What you should do: Nothing is needed except the lines below that run from the one with "从信用中国获悉,新晨科技股份" through the one with "3.4 oz., 55%", repeated exactly.

Provided entries:

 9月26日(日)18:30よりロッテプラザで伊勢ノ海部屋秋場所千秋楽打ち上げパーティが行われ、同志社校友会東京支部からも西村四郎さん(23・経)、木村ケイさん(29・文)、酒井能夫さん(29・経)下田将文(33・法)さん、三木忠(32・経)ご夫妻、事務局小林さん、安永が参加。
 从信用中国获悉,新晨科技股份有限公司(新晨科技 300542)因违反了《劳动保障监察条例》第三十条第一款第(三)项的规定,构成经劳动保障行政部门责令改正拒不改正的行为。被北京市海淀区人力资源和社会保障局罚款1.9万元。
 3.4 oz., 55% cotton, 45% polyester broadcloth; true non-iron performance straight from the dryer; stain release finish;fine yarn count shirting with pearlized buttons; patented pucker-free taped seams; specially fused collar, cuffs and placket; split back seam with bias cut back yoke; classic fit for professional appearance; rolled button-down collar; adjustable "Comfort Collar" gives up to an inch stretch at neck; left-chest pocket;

* * *

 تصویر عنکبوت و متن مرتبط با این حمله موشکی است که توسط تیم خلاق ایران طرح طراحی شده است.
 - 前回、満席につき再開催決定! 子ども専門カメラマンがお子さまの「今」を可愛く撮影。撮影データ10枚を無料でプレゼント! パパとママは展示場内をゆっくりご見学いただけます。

Output of the exercise:
 从信用中国获悉,新晨科技股份有限公司(新晨科技 300542)因违反了《劳动保障监察条例》第三十条第一款第(三)项的规定,构成经劳动保障行政部门责令改正拒不改正的行为。被北京市海淀区人力资源和社会保障局罚款1.9万元。
 3.4 oz., 55% cotton, 45% polyester broadcloth; true non-iron performance straight from the dryer; stain release finish;fine yarn count shirting with pearlized buttons; patented pucker-free taped seams; specially fused collar, cuffs and placket; split back seam with bias cut back yoke; classic fit for professional appearance; rolled button-down collar; adjustable "Comfort Collar" gives up to an inch stretch at neck; left-chest pocket;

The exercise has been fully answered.